Bob wanted to visit his Macedonian family in Pestani. he had been invited to the home of a porter he met in 1965, and ended up being friends since. He’s filmed his friend’s wedding and that of his family, has his own room in their home, and even had kids named after him. I was happy to go along, and I was looking forward to seeing Ohrid again, and to returning to Skopje via Debar.
The trip down was blessedly uneventful. Once we hit Gostivar, we could see more mosques (dzami), we catalogued towns as 1-, 2-, or more dzami towns. Big views as we approached the pass at Straze, but barbed wire blocked my attempts to see more at the rest stop there.
Pestani is halfway down the east side of Lake Ohrid. It used to be a fairly quiet fishing village, but has turned into the 2nd largest town around the lake, wall to wall with small hotels, bars, and signs advertising sobi (rooms to let). I had passed through it on my first visit in 1974 on my way to Sveti Naum for the Saint’s day there.
I met Bob’s family and spent most of the rest of the day and evening just hanging out while they caught up. His friend has two sons. One runs the bar and the other was pirating music onto CDs (this told to me matter-of-factly) until the Internet came along and ruined his business. The older son and I talked about music, and he played some old Leb i Sol albums, as well as their latest from their reunion tour a couple of years ago.
Bob and I walked around the town, visited relatives, and I took a few pictures of the sun setting over the Albanian mountains. It’s still a beautiful lake. Dinner and drinks while listening to Jimi Hendrix, the Doors, Sly, etc. (still popular here, apparently). It’s still hard for me to adjust to the juxtapositions I encounter.

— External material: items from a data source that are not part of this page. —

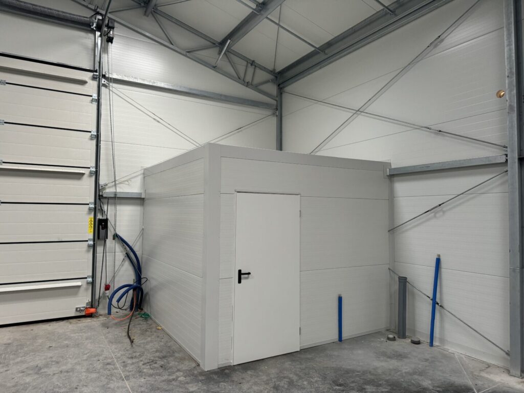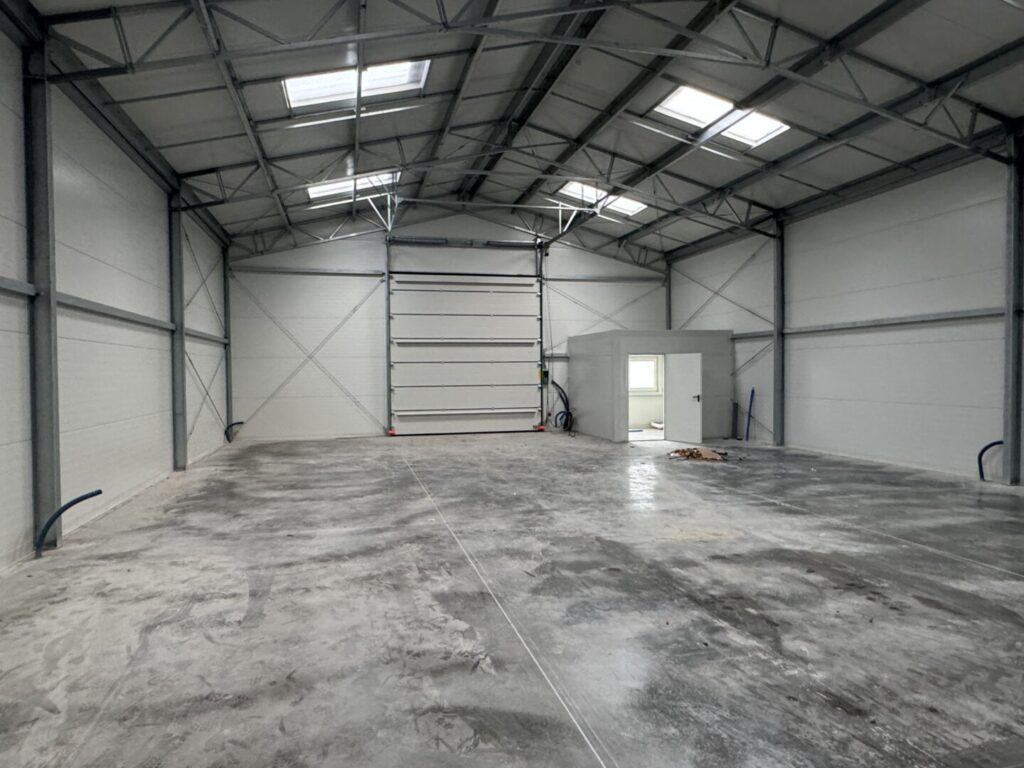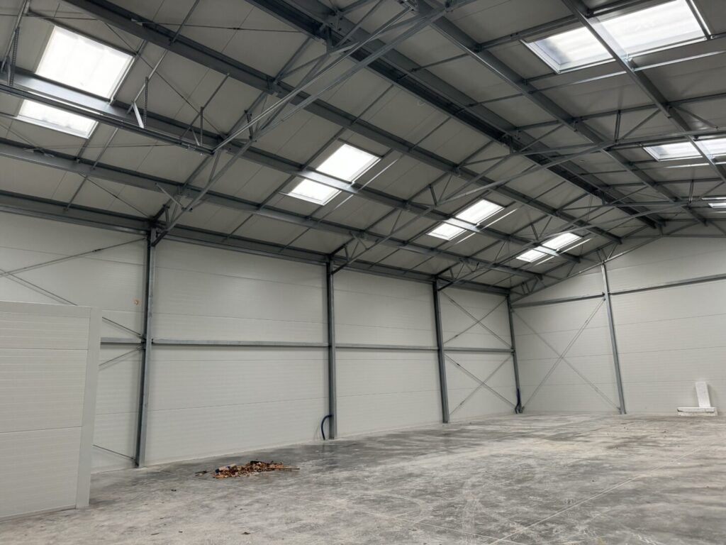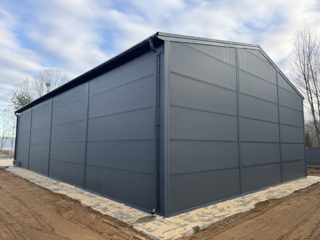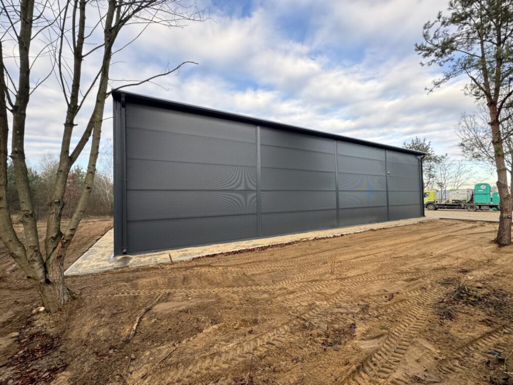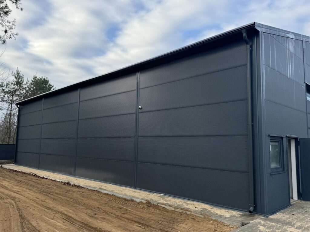 Eine moderne isolierte Halle in einer eleganten dunklen Graphitfarbe mit einer feuerverzinkten Stahlkonstruktion, die Langlebigkeit und Wetterbeständigkeit garantiert. Die Wände und das Dach sind mit PIR-Verbundplatten verkleidet, die eine hohe Wärmedämmung und ein modernes Aussehen gewährleisten. Dank seiner Ästhetik sieht das Gebäude außerordentlich attraktiv aus und fügt sich perfekt in seine Umgebung ein.
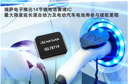 2019年8月8日,日本東京訊-全球領先的半導體解決方案供應商瑞薩電子株式會社(TSE:6723)今日宣布推出第四代鋰離子(Li-ion)電池管理IC,提供高精度及使用壽命。ISL78714提供精準的電池電壓與溫度測量、電池均衡及廣泛的系統診斷,以保護14節鋰電池組,最大限度提升混合動力和電動汽車(HEV/MHEV/PHEV/BEV)的電池壽命和續航里程。
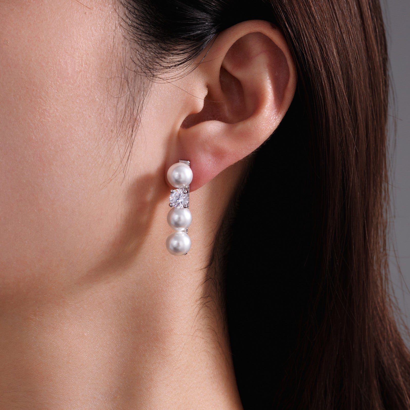 Pearl & Silver-Heart Layered Earrings
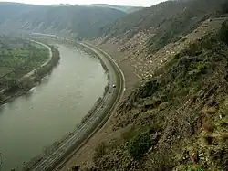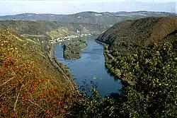 The Lower Moselle (German: Untermosel or Terrassenmosel) is the name given to the lower reaches of the Moselle river - just under 100 kilometres long - in Germany between Pünderich and the Moselle's confluence with the Rhine at Koblenz. The Lower Moselle landscape differs from that of the Middle and Upper Moselle, much of it forming a narrower valley with high and steep sides in places. On the cut banks of the river that are oriented towards the south and west, vineyards are managed, often on the tiniest, terraced strips of land on steep hillslopes.
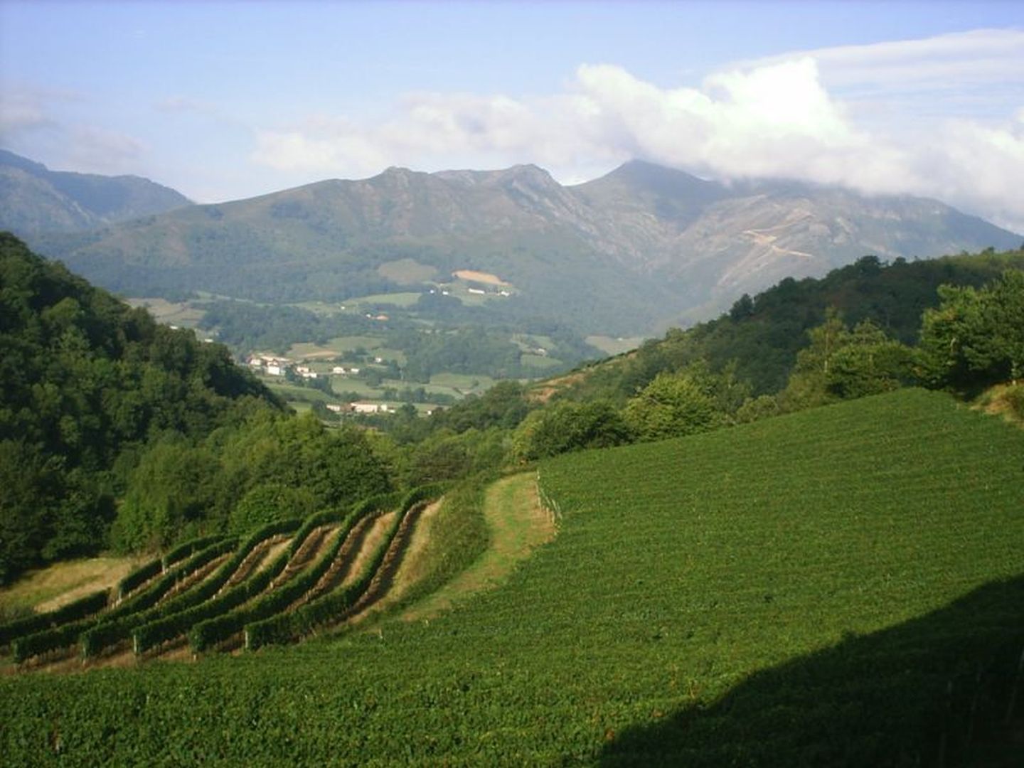 Au coeur de la montagne basque, notre domaine se situe sur la route entre Saint Jean Pied de Port et Saint Etienne de Baïgorry, dans une petite vallée au pied du mont Jara.
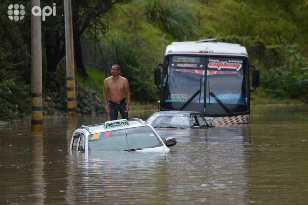 En las primeras horas del martes, un bus de transporte intercantonal quedó atrapado en las aguas del río Cuenca y los bomberos rescataron a 20 pasajeros.
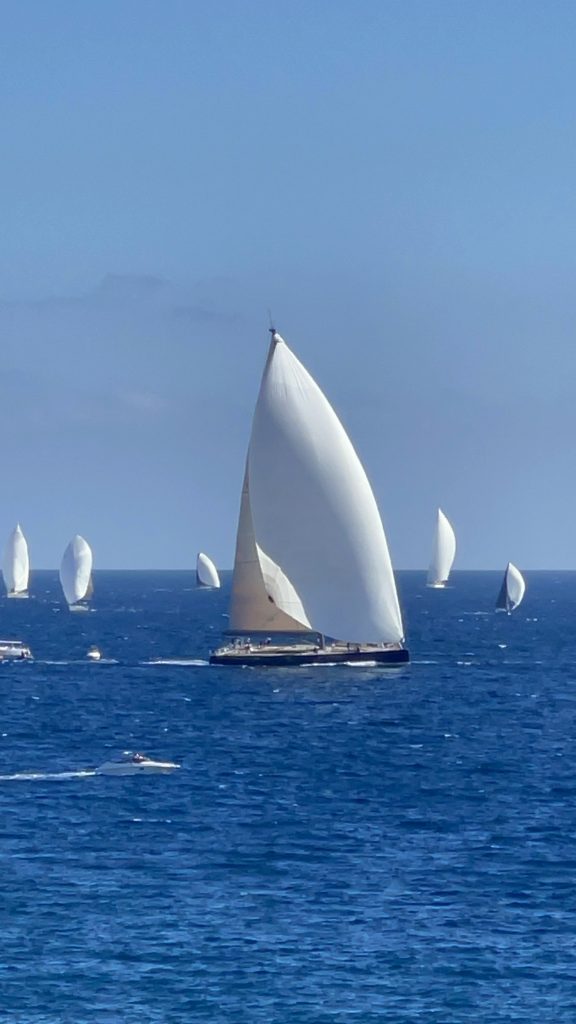 Wir sind gerne dabei, mit vielen anderen Booten von der Insel, wenn die Ein- und Mehrrumpfer eine Boje direkt vor unserer Marina an Backbord lassen müssen. Und jedesmal sind wir fasziniert von den Booten, den perfekt einstudierten Manövern und den enormen Geschwindigkeiten, die diese Schönheiten des Meeres nach der Umrundung der Boje ganz schnell erreichen.

Looking at this town, and thinking back on Bulgaria, things certainly have changed. One doesn’t have the experience of going into a restaurant where you a given a full menu, trying to order things only to be told they don’t have them today, and realizing there’s only one item in the kitchen. You can order anything. You can buy anything. The stores are stocked (all this was particularly noticeable in Bulgaria). Of course, there are other characteristics of post-Communist society. Graffiti is much more common; I would say it’s a problem in Plovdiv, where it covers walls, trains, even ancient monuments. There are casinos, particularly in Bulgaria, which are likely run by the local mafiosi. There are the decaying monolithic buildings of the Soviet era, bigger in Sofia than in Skopje. There are more and more English words in the vocabulary, just as in Greece (it doesn’t matter that they are written in Cyrillic, it still feels like a virus). People haven’t talked much with me about politics, and I haven’t ventured to ask unless I have a context, but ost of the Macedonians I’ve listened to feel life was better under the Communists; I wonder if the northern ex-Jugoslav republics feel the same way. I’ll ask Slavko when I see him next week. Gas is still about 3 times what it costs in the states (probably more realistic), and although people drive like maniacs, there are fewer cars on the road than in the states, so maybe your survival chances are about the same. these are all pretty simple observations, but I had time to think about them during our stay here.